Markian nudges my shoulder with a knowing smirk. “You collect strays now, do you?” he murmurs.
I give him a look, half amusement, half warning. “She’s not a stray. She’s here for work.”
He lifts his glass, hiding a grin. “Of course she is.”
The table settles, but I do not. My focus keeps returning to the girl with the cheap blouse and big eyes, the one who meets every challenge with silence and every threat with carefulrestraint. She is still a mystery; one I have not decided whether to solve or savor.
Yelena glances at me once more, eyes cold, assessing. I let her look. Let her wonder. She plays her games; I play mine.
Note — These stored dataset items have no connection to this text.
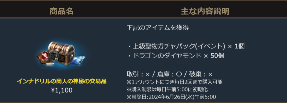 2024年5月29日より販売を開始しました「インナドリルの商人の神秘の交易品」のご案内を申し上げます。
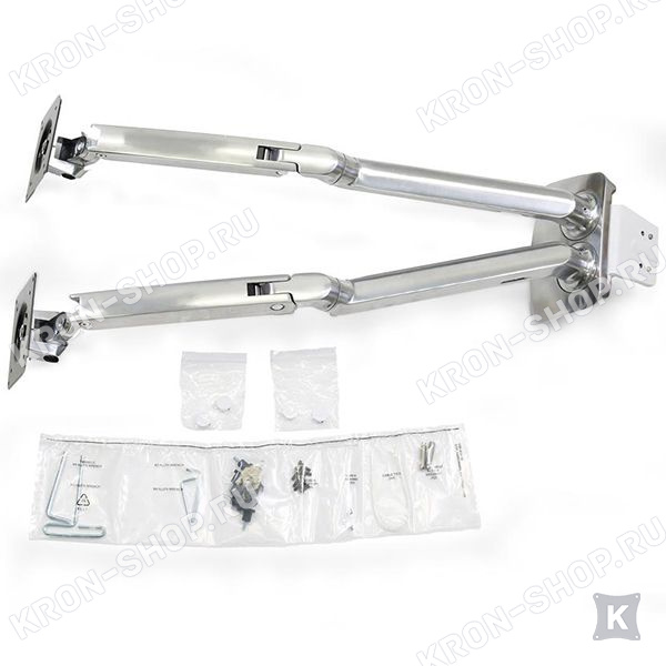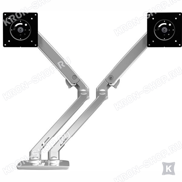 Настольный панорамный поворотно-наклонный кронштейн для двух мониторов с диагональю до 24 дюймов включительно c возможностью регулировки по высоте.
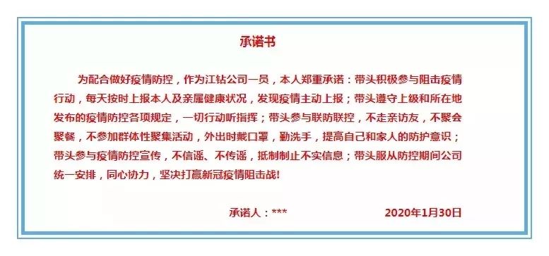 为充分发挥党组织战斗堡垒和党员先锋模范作用,江钻公司党委发出《关于坚决打赢疫情防控攻坚战倡议书》,组织全体员工签订承诺书,主动作为,主动担当,让党旗在疫情防控一线高高飘扬。加强信息排查,摸清人员动态,坚持每日零报告制度。利用电话、微信、QQ等通讯工具加强疫情防护知识宣传培训和心理疏导,增强员工自我防护能力。
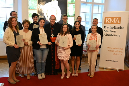 Zehn Nachwuchsjournalistinnen und -journalisten erhielten Zertifikate von Kardinal Schönborn - Journalistin Gössinger: Plädoyer für "faktenbasierten Journalismus mit Haltung gerade auch in Zeiten von KI und Social Media" - Schönborn: "Guter Journalismus ist für Kirche und Gesellschaft ein wichtiger Faktor"
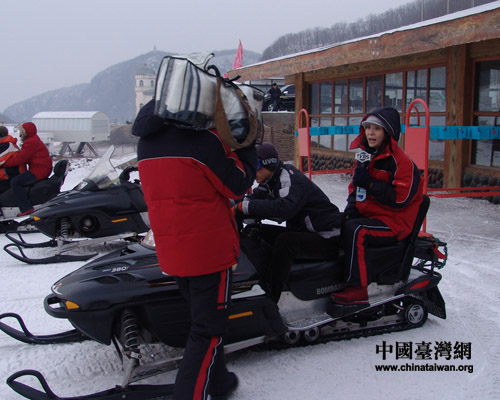 哈爾濱吉華滑雪場位于賓縣賓西國家森林公園,距哈爾濱46公里,是黑龍江省SSS級旅游滑雪場。圖為“TVBS”的記者向觀眾介紹雪上摩托。在臺灣,冬天除了高山上會下雪,其他的地方都不會下,所以說,基本上住在城市里的人都沒見過雪哦!
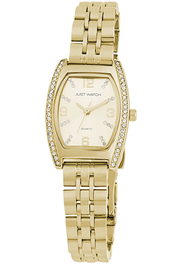 Reloj de mujer Akadia de JUST WATCH, con su exclusiva caja de forma tonneau, adornada en los laterales con brillantes piedras de imitación. La esfera combina números arábigos con piedras de imitación como índices de barra, lo que le da a este reloj un toque especial.
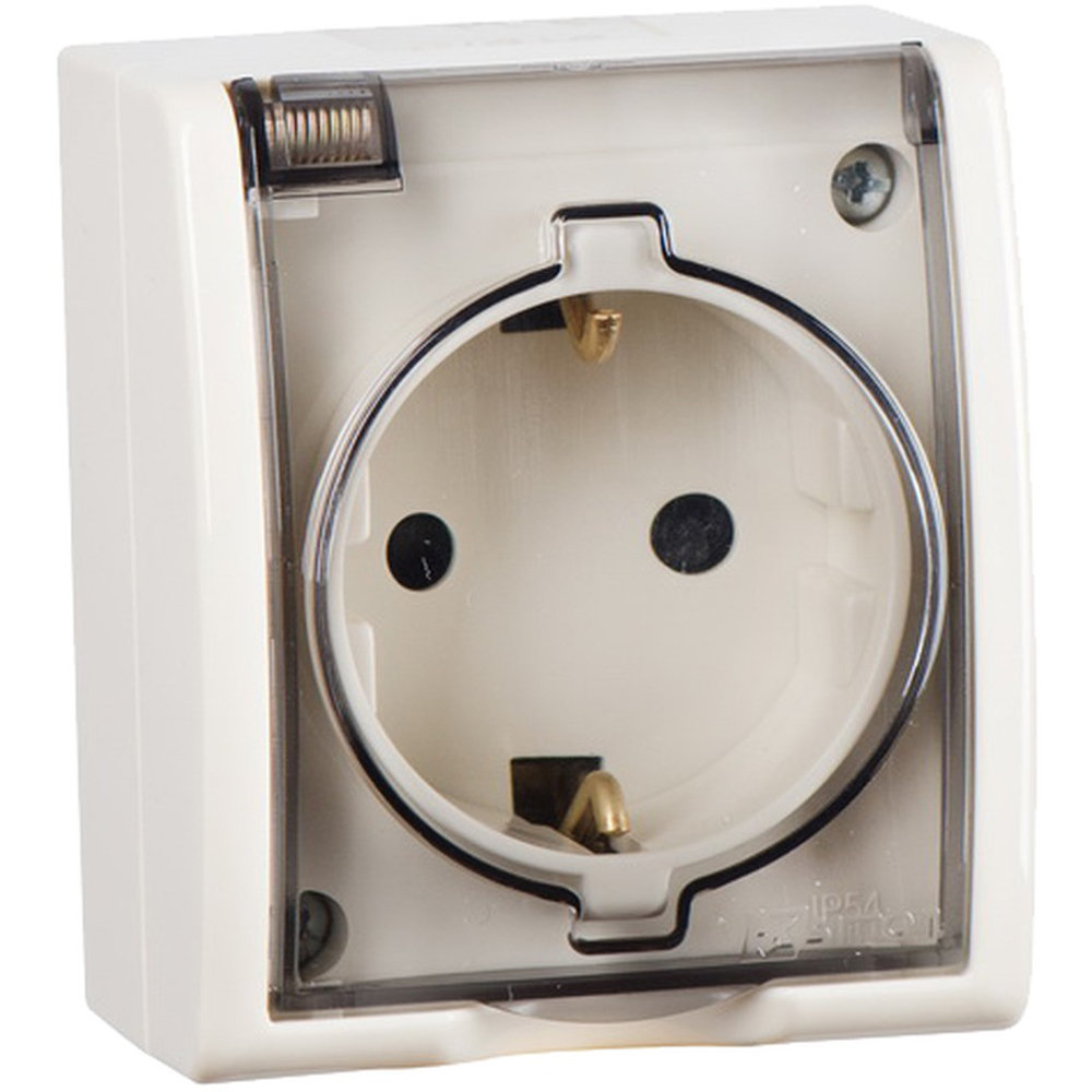 Simon15 Aqua Розетка 2Р+Е Schuko со шторками с крышкой полупр. IP54 16А 250В винтовой зажим S15A сл. кость (1594432-031)
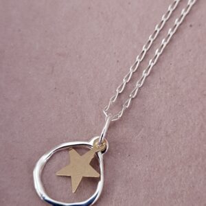 Handmade sterling silver oval necklace with tiny gold star addition 18″ chain
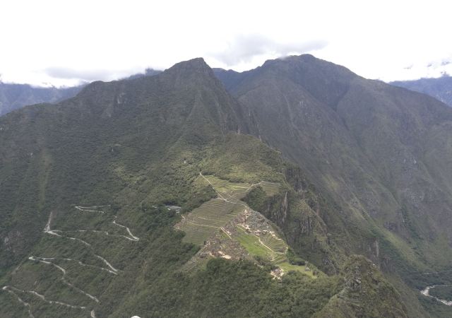 马丘比丘标准明信片照里城市遗址后面那个高耸的山峰。虽然在照片里看起来陡峭得有些吓人,但是爬起来就能发现并不是直上直下。如果不是特别畏高,或是个登高控,一定不能错过爬山瓦纳比丘顶端,站在峰顶巨型花岗岩上俯视马丘比丘,是一个能让你一生难忘的体验。
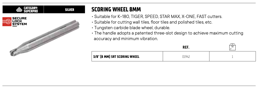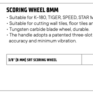 – ใบกรีดคาร์ไบต์ 8 มม. (5/16″) เหมาะกับกระเบื้องเซรามิค / พอร์ซเลน / stoneware ที่พื้นผิวเรียบหรือมีผิวธรรมชาติเล็กน้อย
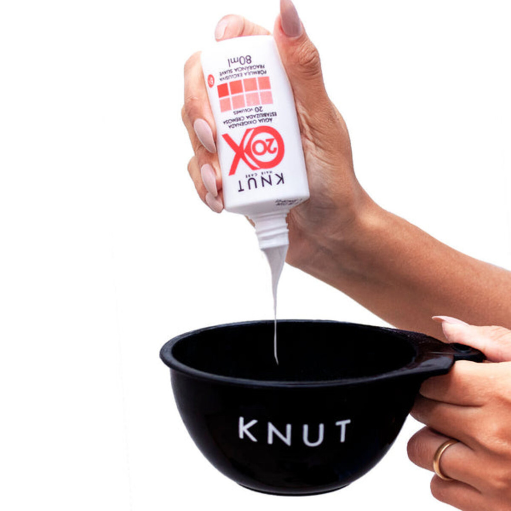 Descrição Fórmula exclusiva e Fragrância suave A Água Oxigenada Estabilizada Cremosa KNUT foi especialmente desenvolvida para o uso com os produtos da linha de coloração KNUT COLORS e nossa linha de matizadores KNUT SILVER, a preferida das loiras do Brasil. Desde os primeiros momentos do processo de descoloração, desfrute da qualidade que você já conhece e o resultado impecável que você ama. Especificações Ação: Promove a oxidação nos processos de coloração ou descoloração. Princípios Ativos: Peróxido de Hidrogênio ÓLEO DE ARGAN, ÓLEO DE MACADÂMIA E EXTRATO DE ALOE VERA, que protegem os fios durante o processo. Coloração: Misture na proporção indicada na parte interna do cartucho da coloração KNUT COLORS (1 para 1¹/²). Descoloração: Utilize a proporção conforme a indicação no verso do Pó Descolorante KNUT PREMIUM e Pó Descolorante KNUT COLÁGENO.
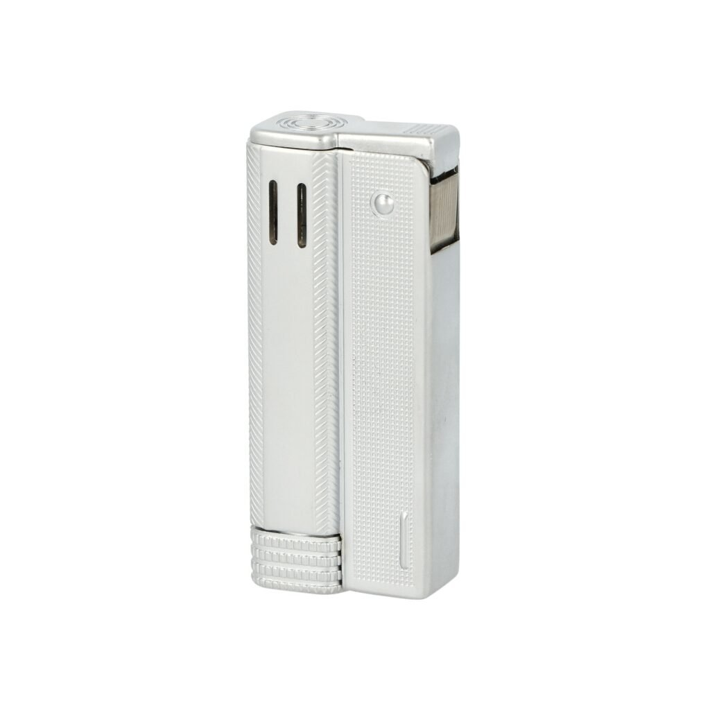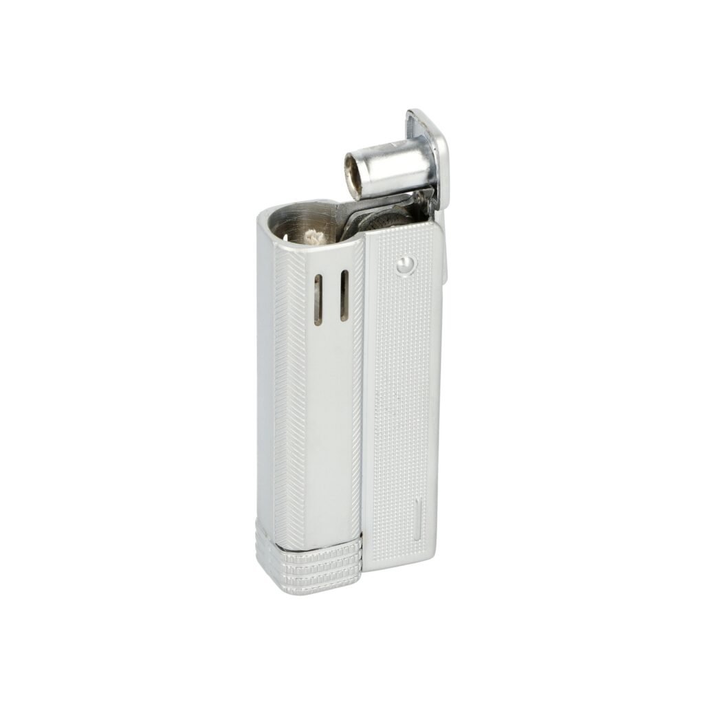 Kovový kamínkový zapalovač rakušák ve stříbrném polomatném provedení a texturovaným povrchem.
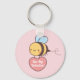 Un llavero con una linda y pequeña abeja voladora se aferra a un corazón con las palabras de juego de palabras "¡Adquiera mi San Valentín!" ¡Perfecto para el El día de San Valentín de su tristeza!
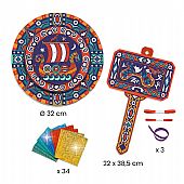 Κατασκευάστε ένα εντυπωσιακό σφυρί και μια λαμπερή ασπίδα: τα πιο παραδοσιακά όπλα των Βίκινγκ! Τα παιδιά ξεκολλούν την προστατευτική επιφάνεια, τοποθετούν πάνω στη κόλλα τα χρωματιστά φύλλα και στολίζουν τα όπλα με πολύχρωμες μεταλλικές λεπτομέρειες. Μια πρωτότυπη χειροτεχνία της σειράς Do It Yourself της εταιρίας Djeco, που εμπνέει τα παιδιά να αφήσουν τη φαντασία τους ελεύθερη και να κατασκευάσουν κάτι που θα το χρησιμοποιήσουν και για το οποίο θα είναι περήφανοι, αποκτώντας περισσότερη αυτοπεποίθηση. Η δραστηριότητα αυτή αναπτύσσει τη συγκέντρωση, την υπομονή, τη δημιουργικότητα και τη λεπτή κινητικότητα των παιδιών.

By the end of the course, the room has grown warmer, the tension masked by candlelight and good wine. Beneath it all, the currents run sharper than ever. At the center of it, silent but unbroken, is Talia—holding her place, holding her secrets, holding her own.
The game between us is growing more interesting with every passing minute.
The third course arrives, some delicate arrangement of fish and caviar, announced with a flourish by a server whose smile doesn’t touch his eyes. Around the table, conversation shifts and reforms: old stories, cautious jokes, all the lines rehearsed and recited in careful cadence.
Yelena turns her laughter up a notch, her hand drifting to my arm with the practiced ease of a woman who knows every camera angle, every eye in the room.
I let her perform, giving nothing back. My mind is elsewhere. My eyes stray again to Talia. She keeps her posture perfect, never fidgeting, always listening. She sips water, types notes on her phone, occasionally nodding at something a guest says. She never interrupts, never draws attention.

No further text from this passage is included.